OpenAI just finished its restructuring into a for-profit company — and now the nonprofit side of the story is picking up steam. On March 24, the OpenAI Foundation introduced new leadership and announced plans to spend at least one billion dollars this year. On research, safety, health, and the societal impacts of AI.
What the Foundation Is Planning
The 2026 priorities are clearly outlined: mitigating biological risks, advancing AI in life sciences, and addressing the impact on jobs, the economy, and mental health — especially for children. Sounds like a typical tech philanthropy playbook. But the scale is remarkable.
The Foundation holds equity in the company valued at roughly $130 billion. That makes it one of the best-resourced nonprofits in the United States. Back in October, it had announced plans to dedicate $25 billion total to similar causes — without a specific timeline. Now it’s getting concrete: one billion in twelve months.
New Leadership Team
Robert Kaiden joins as CFO, previously at Deloitte and Twitter.
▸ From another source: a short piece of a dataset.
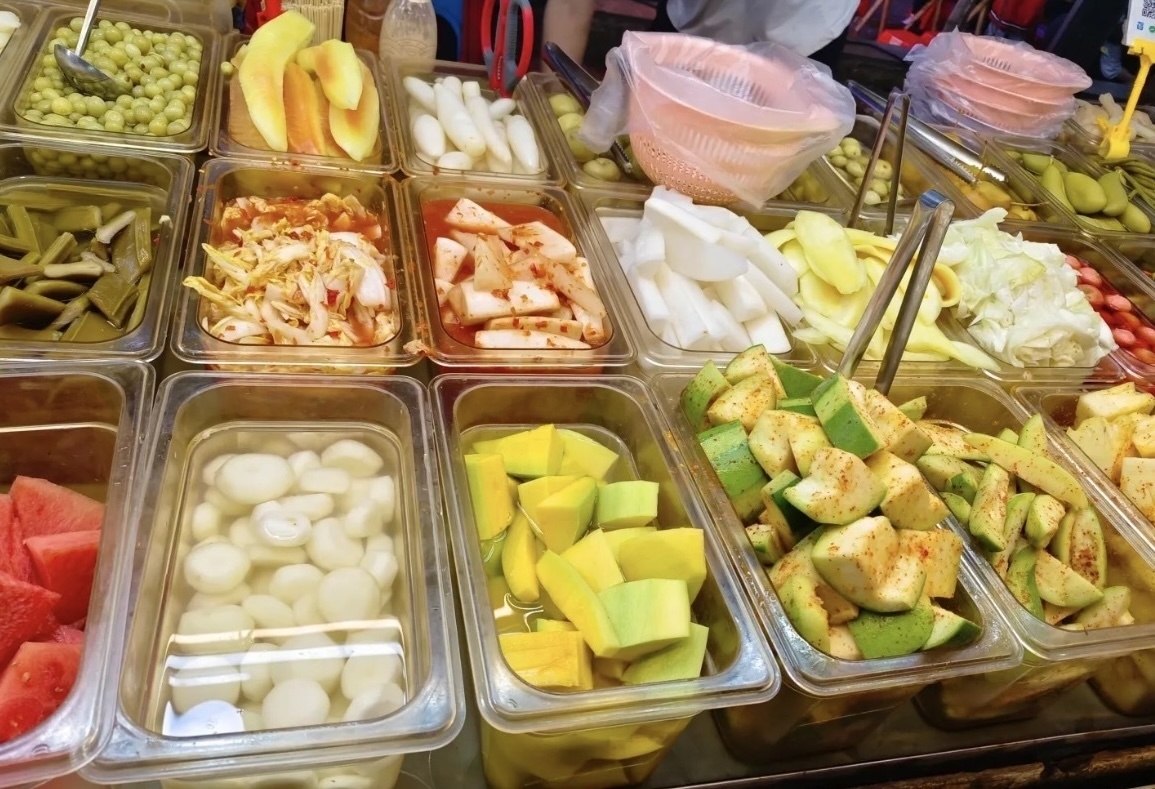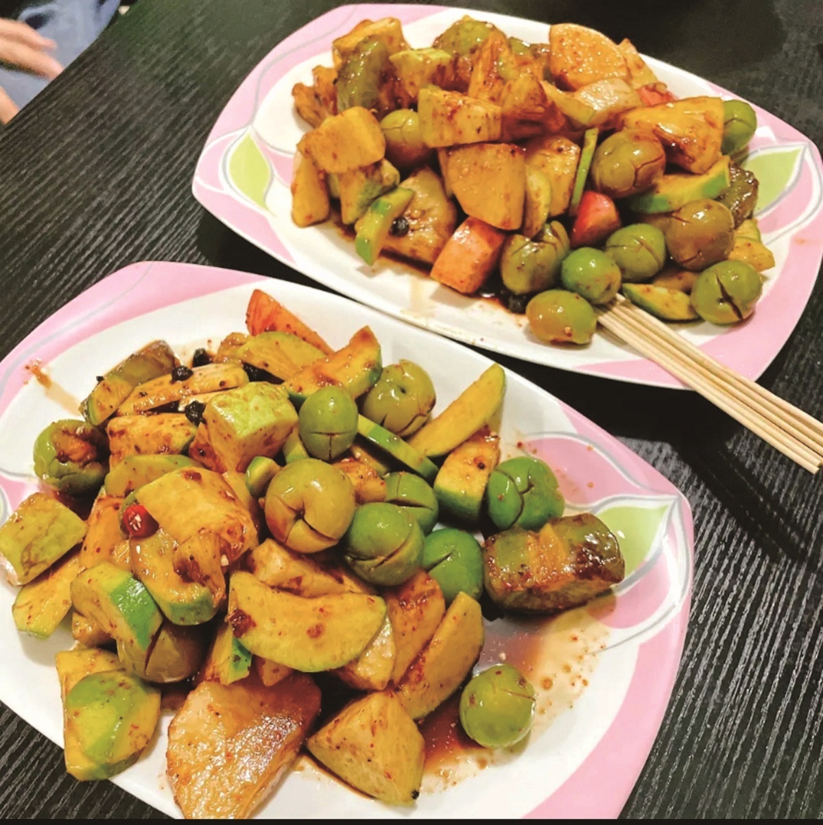 红糖酸嘢发源地广西网红芒果花。博白酸嘢,就是各种腌制的水果,芒果、菠萝、杨桃、番石榴、杨梅、三华李等,只要是水果,都能拿来腌制。方法也很简单,新鲜的水果洗净切块,使用一定配比适调的红糖汁腌酸,可以让本就酸辣爽口的酸嘢,又多了一道甜味,酸酸甜甜的味道,很是让人“上头”。博白酸嘢现点现做,十分讲求新鲜,客人到店挑选好,再现场进行拌料腌制,完美地保留了水果原有的鲜美,再加上特调的红糖汁,让人回味无穷。
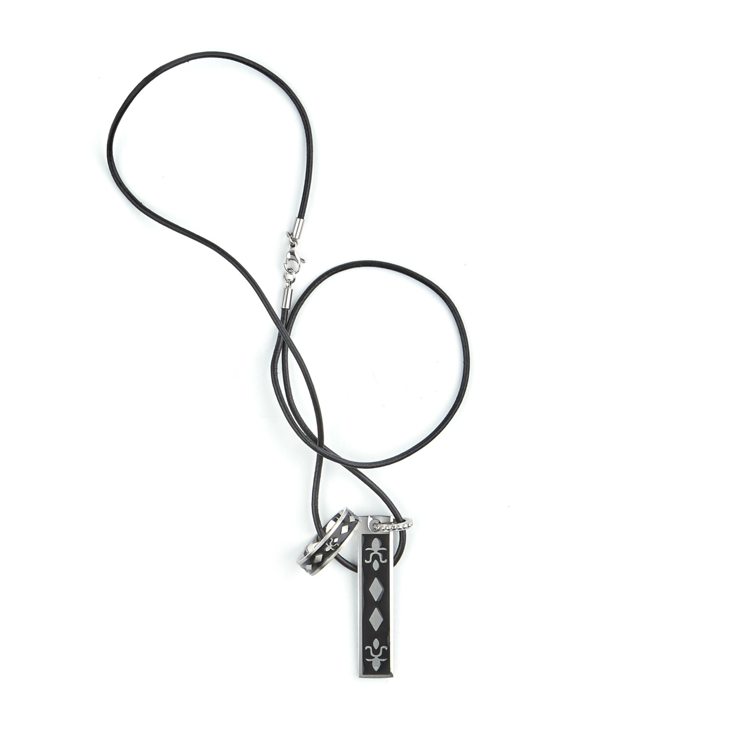 This striking silver and black Rectangle Leather Necklace is a bold and whimsical addition to any impressive accessory collection, or as a detail to complete any stylish look.

Anna Makanju will lead ‘AI for Civil Society and Philanthropy.’ Jeff Arnold, an early OpenAI team member, takes over operations. The Foundation is still searching for an Executive Director.
The Bigger Picture
You can look at this cynically: OpenAI caught a lot of criticism for its for-profit restructuring. A billion-dollar nonprofit initiative helps with image management. But you can also look at it pragmatically: regardless of the motivation, if a billion dollars actually flows into AI safety research and societal cushioning, everyone benefits.
The real question is whether the Foundation can truly operate independently — or whether it ends up being the PR department with a better budget.